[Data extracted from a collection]
▼▼▼

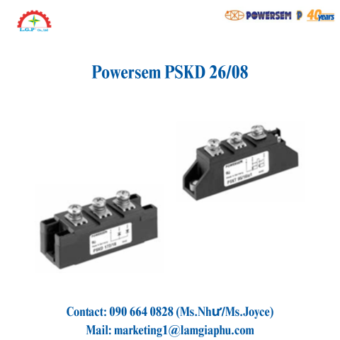Powersem PSKD 26/08 là diode module công suất đóng gói công nghiệp kiểu bắt vít, đế cách điện, chuyên dùng cho các khối chỉnh lưu AC/DC và tạo DC bus trong biến tần, UPS, SMPS và truyền động công nghiệp. Thiết kế cơ khí chắc chắn, dễ lắp tản nhiệt, chịu xung tốt và tổn hao thấp giúp vận hành ổn định, bền bỉ trong môi trường làm việc liên tục.
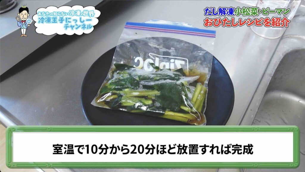 だし解凍のやり方は、本当にシンプル。袋に入った冷凍野菜に液体調味料を注いで、しばらく放置しておくだけです。火も使わず、電子レンジも使わず、ほったらかしで一品できてしまいます。
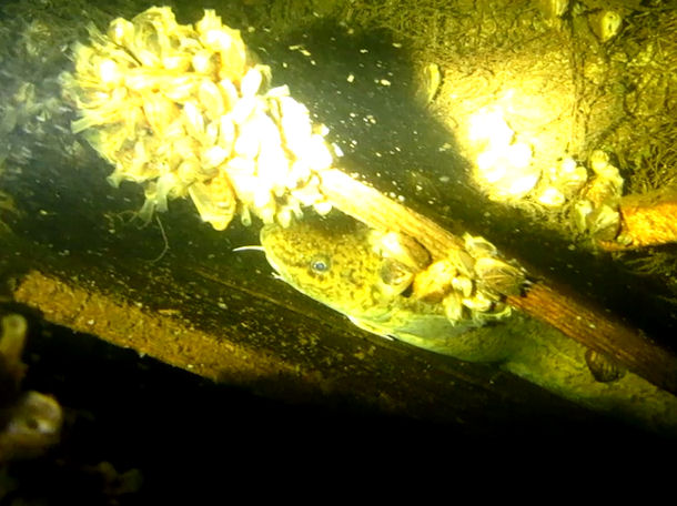 Nur einige Hundert Meter vor der Alten Fischerei von Altenhof liegt das Wrack eines versunkenen Fischerboots auf dem schlammigen Grund des Werbellinsees. Der Lichtkegel meiner Lampe wanderte über einige Kisten und Fischernetze. Das Wrack ist fast vollständig im Schlamm versunken. Es schaut nur noch ein Teil der Bordwand hervor. Die Schiffsschraube war freigelegt und deutlich zu erkennen. Sie ließ sich noch drehen. Das Wrack liegt auf 33 m Tiefe. Dort unten ist es kalt und stockdunkel. Zum Untergang ist leider sehr wenig bekannt, Es wird berichtet, dass das Boot im Frühjahr 1974 gesunken sein soll. Damals sollen zwei Fischer entgegen den Anweisungen des damals zuständigen Bereichsleiters bei starkem Wind auf den See gefahren sein. Das Boot, das ohne Sicherungseinrichtung und Schwimmkörpern ausgestattet war, sei durch hohen Wellengang voll Wasser gelaufen und schnell untergegangen. Beide Fischer verloren bei dem Unglück ihr Leben.
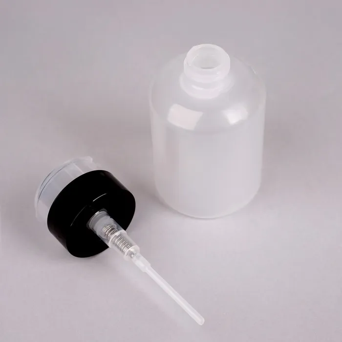 Изготовленный из прочного и лёгкого пластика, флакон обладает двумя контрастными цветами — чёрным и прозрачным, что позволяет вам легко контролировать уровень содержимого. А помпа обеспечивает удобное и точное дозирование, что особенно важно для сохранения гигиеничности и экономии вашего любимого средства.
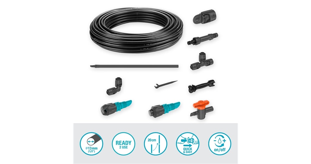 De Micro-Drip-Bewatering Moestuin/Bloembed Set van GARDENA is een perfecte oplossing om efficiënt plant- en bloemperken tot wel 60 m² te bewateren met een fijne sproeinevel. Met deze gebruiksklare set ben je direct klaar om aan de slag te gaan, en je kan de onderdelen eenvoudig monteren in slechts een paar stappen.
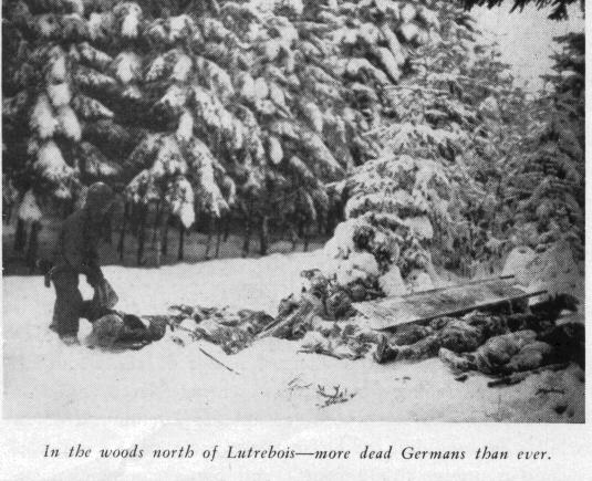 Companies I and K had regained complete possession of Lutrebois by 4 January, but beyond that they could not go. There was an attempt on the next afternoon, and parts of both companies got into the woods beyond Lutrebois, but there they found as much difficulty as had come to the L Company platoon a week earlier. In the confusion which developed when Germans were reported to be wearing American uniforms (probably overcoats, worn more for protection against the cold weather than for a trick), the companies fell back to Lutrebois and resigned themselves to its defense.

▲▲▲

What you have to do:
Return each entry exactly as given. Leave the images out.

Task answer:
Powersem PSKD 26/08 là diode module công suất đóng gói công nghiệp kiểu bắt vít, đế cách điện, chuyên dùng cho các khối chỉnh lưu AC/DC và tạo DC bus trong biến tần, UPS, SMPS và truyền động công nghiệp. Thiết kế cơ khí chắc chắn, dễ lắp tản nhiệt, chịu xung tốt và tổn hao thấp giúp vận hành ổn định, bền bỉ trong môi trường làm việc liên tục.
 だし解凍のやり方は、本当にシンプル。袋に入った冷凍野菜に液体調味料を注いで、しばらく放置しておくだけです。火も使わず、電子レンジも使わず、ほったらかしで一品できてしまいます。
 Nur einige Hundert Meter vor der Alten Fischerei von Altenhof liegt das Wrack eines versunkenen Fischerboots auf dem schlammigen Grund des Werbellinsees. Der Lichtkegel meiner Lampe wanderte über einige Kisten und Fischernetze. Das Wrack ist fast vollständig im Schlamm versunken. Es schaut nur noch ein Teil der Bordwand hervor. Die Schiffsschraube war freigelegt und deutlich zu erkennen. Sie ließ sich noch drehen. Das Wrack liegt auf 33 m Tiefe. Dort unten ist es kalt und stockdunkel. Zum Untergang ist leider sehr wenig bekannt, Es wird berichtet, dass das Boot im Frühjahr 1974 gesunken sein soll. Damals sollen zwei Fischer entgegen den Anweisungen des damals zuständigen Bereichsleiters bei starkem Wind auf den See gefahren sein. Das Boot, das ohne Sicherungseinrichtung und Schwimmkörpern ausgestattet war, sei durch hohen Wellengang voll Wasser gelaufen und schnell untergegangen. Beide Fischer verloren bei dem Unglück ihr Leben.
 Изготовленный из прочного и лёгкого пластика, флакон обладает двумя контрастными цветами — чёрным и прозрачным, что позволяет вам легко контролировать уровень содержимого. А помпа обеспечивает удобное и точное дозирование, что особенно важно для сохранения гигиеничности и экономии вашего любимого средства.
 De Micro-Drip-Bewatering Moestuin/Bloembed Set van GARDENA is een perfecte oplossing om efficiënt plant- en bloemperken tot wel 60 m² te bewateren met een fijne sproeinevel. Met deze gebruiksklare set ben je direct klaar om aan de slag te gaan, en je kan de onderdelen eenvoudig monteren in slechts een paar stappen.
 Companies I and K had regained complete possession of Lutrebois by 4 January, but beyond that they could not go. There was an attempt on the next afternoon, and parts of both companies got into the woods beyond Lutrebois, but there they found as much difficulty as had come to the L Company platoon a week earlier. In the confusion which developed when Germans were reported to be wearing American uniforms (probably overcoats, worn more for protection against the cold weather than for a trick), the companies fell back to Lutrebois and resigned themselves to its defense.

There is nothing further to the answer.